Devant le fait qu'aucun mot ne vienne lui donner des explications, Drago commença à perdre patience devant une inconsciente. Hermione sentit son bras être comprimé fortement avant d'être attirée dans un coin du hall de son immeuble. Même si elle avait nettement reconnu la personne qui se trouvait tout près d'elle, le visage triste de Ron lui hantait maintenant l'esprit. Même si elle n'en était pas amoureuse, elle restait une amie qui n'aimait pas le voir souffrir ainsi et surtout par sa propre faute.
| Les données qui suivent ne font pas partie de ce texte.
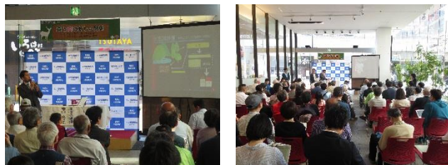
【道総研セミナーの様子】
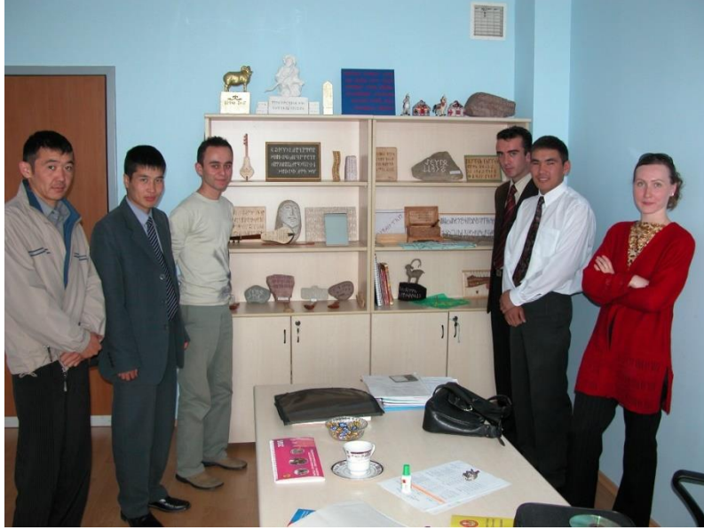
Foto 20: Manas Üniversitesi yüksek lisans öğrencileri 12 , 2004 yılında kendileri ve Türkoloji Bölümü lisans öğrencileri tarafından yapılan ve üzerlerinde (Kök)türk harfli yazılar bulunan bazı objelerle
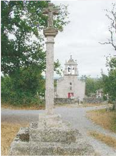
Cruceiro e igrexa de Santo André

Son père lui avait de toute façon conseillé d'être égoïste alors Voldemort aurait pu faire un retour inattendu et faire un carnage au ministère qu'Hermione serait restée là à pleurer sur ses propres problèmes. Alors Drago pouvait parler autant qu'il voulait, ça lui était complètement égal.
- Mais qu'est ce qui te prend ? Qu'est ce qui se passe Granger ? S'écria-t-il en tentant de la provoquer avant de rabattre sa capuche en arrière et voir l'état de choc de la Gryffondor.
Hermione pu alors entendre Drago soupirer et se voir atterrir dans ses bras sans un mot d'accompagnement. Il l'aida ensuite à monter les escaliers, marches après marches et lança un sort d'insonorisation lorsqu'ils arrivèrent à la hauteur de l'avant dernier étage. Un geste après l'autre, il l'aida ensuite à enlever sa cape, la regarda s'installer comme une enfant fatiguée dans son lit avant de se sentir de trop et d'ouvrir la porte pour s'en aller.
- Drago…
- Oui ? Murmura-t-il.
- Merci…
- De rien, lui répondit-il avant de s'approcher et de lui donner un baiser sur le front.
Hermione ferma alors les yeux à cette tendresse bienvenue et de peur de la voir à jamais s'envoler, elle saisit la main de Drago pour le forcer à s'asseoir à côté d'elle afin qu'elle puisse se blottir contre lui. Sans en demander plus, le Serpentard s'installa alors confortablement dans ce lit qui lui avait pourtant offert davantage moins d'une semaine plus tôt, et d'une manière automatique, il caressa le dos de la Gryffondor jusqu'à ce qu'elle s'endorme contre lui. Bercée par les mouvements et les battements de cœurs, Hermione obtint alors une trêve de sa conscience et se laissa porter vers un semblant de paix intérieure.